Injection Molding (LIM/LSR): Offers superior precision and efficiency for complex conductive silicone designs. Liquid silicone rubber is injected into a closed mold under high pressure, enabling intricate details and tight tolerances. Preferred for high-volume production. Tooling costs range from $5,000 to $50,000 depending on complexity.
Extrusion: Used for continuous profiles such as tubing, seals, and gaskets. Silicone material is forced through a die to create consistent cross-sectional shapes. Ideal for conductive silicone requiring long, uniform profiles.
Quality Standards and Certifications
When sourcing conductive silicone, verifying compliance with relevant quality standards is essential:
- FDA 21 CFR 177.2600 — Required for food-contact conductive silicone in the US market
- EU 10/2011 — European food contact material regulation
- ISO 10993 — Biocompatibility testing for medical-grade conductive silicone
- ISO 9001:2015 — Quality management system certification for manufacturers
- LFGB — German food safety standard (stricter than FDA)
- REACH/RoHS — EU chemical safety and hazardous substance compliance
- UL94 — Flame retardancy rating for conductive silicone in electrical applications
Sourcing and Supplier Evaluation
When sourcing conductive silicone from manufacturers, particularly in China where over 60% of global silicone products are manufactured, consider the following evaluation criteria:
Manufacturing Capabilities: Verify the factory has appropriate molding equipment (compression, injection, extrusion), quality testing instruments, and clean room facilities if required for medical or food-grade products.

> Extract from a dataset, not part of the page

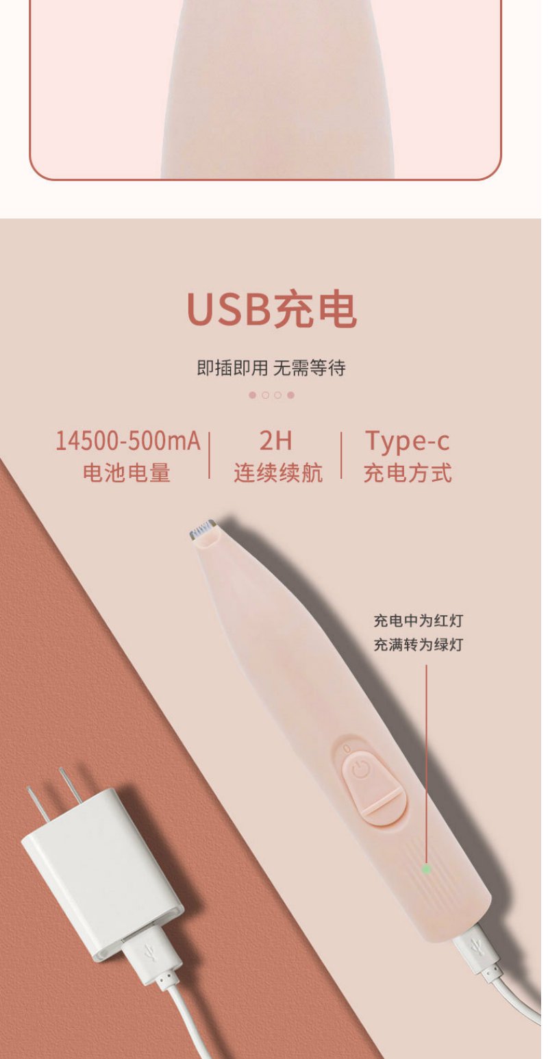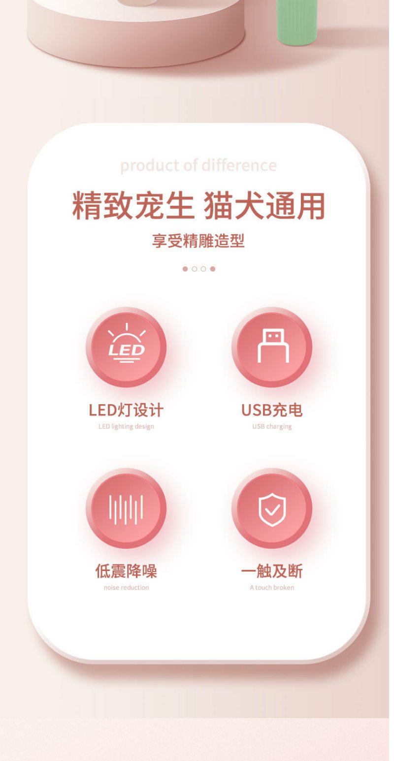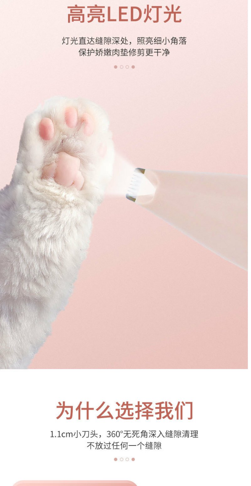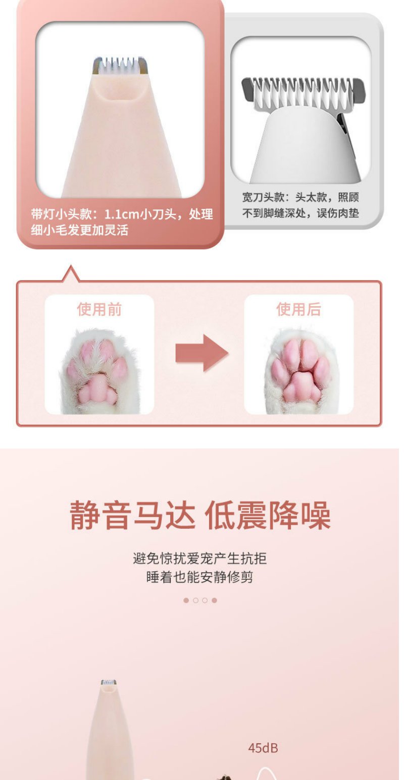 【严选】推荐!粉色充电LED灯 宠物剃脚毛器一套狗猫专用剃毛器推子电推剪电动静音修脚神器

Certifications: Request current certificates for ISO 9001, FDA compliance, and any industry-specific standards. Verify certificates directly with issuing bodies—counterfeit certificates are not uncommon.
Sample Process: Reputable manufacturers provide samples within 7-15 days. Evaluate sample quality, dimensional accuracy, material consistency, and surface finish before committing to production orders.
Minimum Order Quantities: MOQ for conductive silicone typically ranges from 500 to 5,000 pieces for standard products, and 3,000 to 10,000 for custom designs requiring new tooling. Some manufacturers offer low-MOQ pilot runs at premium pricing.
Frequently Asked Questions
What is conductive silicone?
Conductive silicone is silicone rubber loaded with conductive fillers (carbon, silver, nickel, copper) to achieve volume resistivity from 0.001 to 100 ohm-cm. It combines the flexibility and environmental resistance of silicone with electrical conductivity for EMI shielding and grounding applications.
What shielding effectiveness does conductive silicone provide?
Conductive silicone gaskets typically provide 20-120 dB shielding effectiveness depending on filler type and concentration. Silver-filled silicone achieves the highest shielding (80-120 dB), carbon-filled provides moderate shielding (20-60 dB), and nickel-graphite offers a balance (60-100 dB).
What is the cost difference between conductive silicone types?
Carbon-filled conductive silicone is the most economical ($15-30/kg). Nickel-graphite filler costs $40-80/kg. Silver-filled conductive silicone is the most expensive ($200-500/kg) due to precious metal content. Selection depends on required shielding level and budget.